There is no Claude 4 Haiku just yet, but the new Sonnet and Opus models can reportedly handle tasks that previous versions could not. In our interview with Albert, he described testing scenarios where Opus 4 worked coherently for up to 24 hours on tasks like playing Pokémon while coding refactoring tasks in Claude Code ran for seven hours without interruption. Earlier Claude models typically lasted only one to two hours before losing coherence, Albert said, meaning that the models could only produce useful self-referencing outputs for that long before beginning to output too many errors.

In particular, that marathon refactoring claim reportedly comes from Rakuten, a Japanese tech services conglomerate that “validated [Claude’s] capabilities with a demanding open-source refactor running independently for 7 hours with sustained performance,” Anthropic said in a news release.

Whether you’d want to leave an AI model unsupervised for that long is another question entirely because even the most capable AI models can introduce subtle bugs, go down unproductive rabbit holes, or make choices that seem logical to the model but miss important context that a human developer would catch. While many people now use Claude for easy-going vibe coding, as we covered in March, the human-powered (and ironically-named) “vibe debugging” that often results from long AI coding sessions is also a very real thing. More on that below.

To shore up some of those shortcomings, Anthropic built memory capabilities into both new Claude 4 models, allowing them to maintain external files for storing key information across long sessions. When developers provide access to local files, the models can create and update “memory files” to track progress and things they deem important over time. Albert compared this to how humans take notes during extended work sessions.

Extended thinking meets tool use

Both Claude 4 models introduce what Anthropic calls “extended thinking with tool use,” a new beta feature allowing the models to alternate between simulated reasoning and using external tools like web search, similar to what OpenAI’s o3 and 04-mini-high AI models currently do in ChatGPT. While Claude 3.7 Sonnet already had strong tool use capabilities, the new models can now interleave simulated reasoning and tool calling in a single response.

“So now we can actually think, call a tool process, the results, think some more, call another tool, and repeat until it gets to a final answer,” Albert explained to Ars. The models self-determine when they have reached a useful conclusion, a capability picked up through training rather than governed by explicit human programming.

General Claude 4 benchmark results, provided by Anthropic.

General Claude 4 benchmark results, provided by Anthropic. Credit: Anthropic

In practice, we’ve anecdotally found parallel tool use capability very useful in AI assistants like OpenAI o3, since they don’t have to rely on what is trained in their neural network to provide accurate answers. Instead, these more agentic models can iteratively search the web, parse the results, analyze images, and spin up coding tasks for analysis in ways that can avoid falling into a confabulation trap by relying solely on pure LLM outputs.

“The world’s best coding model”

Anthropic says Opus 4 leads industry benchmarks for coding tasks, achieving 72.5 percent on SWE-bench and 43.2 percent on Terminal-bench, calling it “the world’s best coding model.” According to Anthropic, companies using early versions report improvements. Cursor described it as “state-of-the-art for coding and a leap forward in complex codebase understanding,” while Replit noted “improved precision and dramatic advancements for complex changes across multiple files.”

In fact, GitHub announced it will use Sonnet 4 as the base model for its new coding agent in GitHub Copilot, citing the model’s performance in “agentic scenarios” in Anthropic’s news release. Sonnet 4 scored 72.7 percent on SWE-bench while maintaining faster response times than Opus 4. The fact that GitHub is betting on Claude rather than a model from its parent company Microsoft (which has close ties to OpenAI) suggests Anthropic has built something genuinely competitive.

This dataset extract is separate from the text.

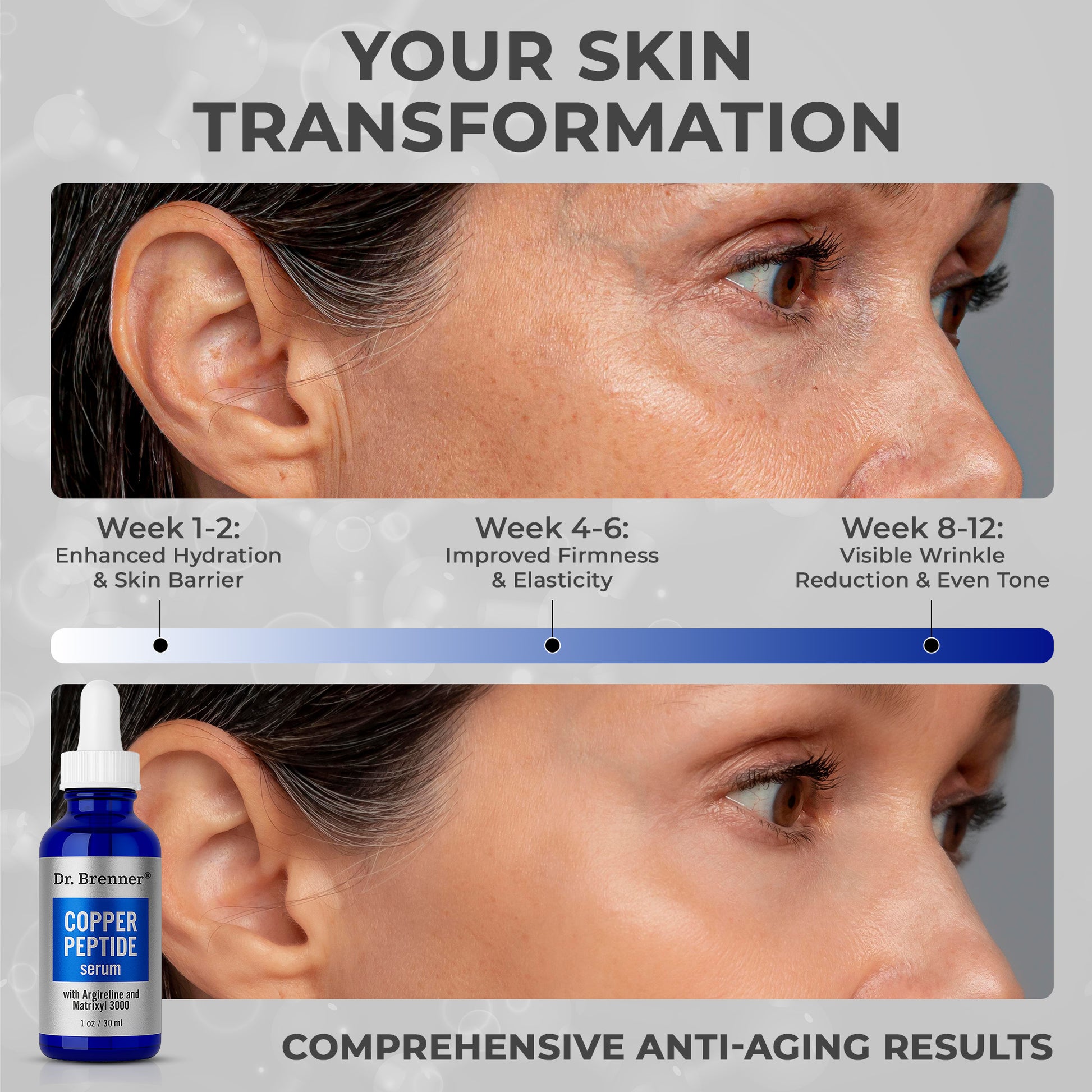 - DERMATOLOGIST-FORMULATED QUALITY - Dr. Brenner's professional-grade serum delivers visible improvements in 4-8 weeks of consistent use. Lightweight, fast-absorbing formula suitable for all skin types. 1 fl oz provides 2-3 months of daily use with optimal pH stability for maximum peptide efficacy.
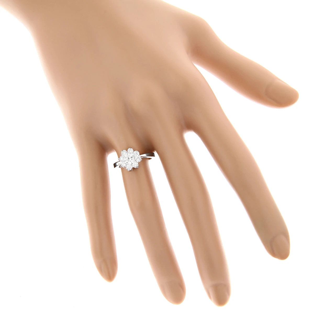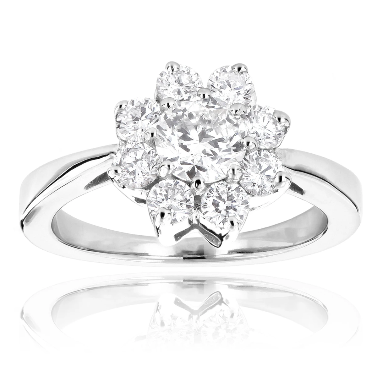 14K White Gold Diamond Flower Cluster Ring 1.2ct

Software engineering benchmark results, provided by Anthropic.

Software engineering benchmark results, provided by Anthropic. Credit: Anthropic

Anthropic says it has addressed a persistent issue with Claude 3.7 Sonnet in which users complained that the model would take unauthorized actions or provide excessive output. Albert said the company reduced this “reward hacking behavior” by approximately 80 percent in the new models through training adjustments. An 80 percent reduction in unwanted behavior sounds impressive, but that also suggests that 20 percent of the problem behavior remains—a big concern when we’re talking about AI models that might be performing autonomous tasks for hours.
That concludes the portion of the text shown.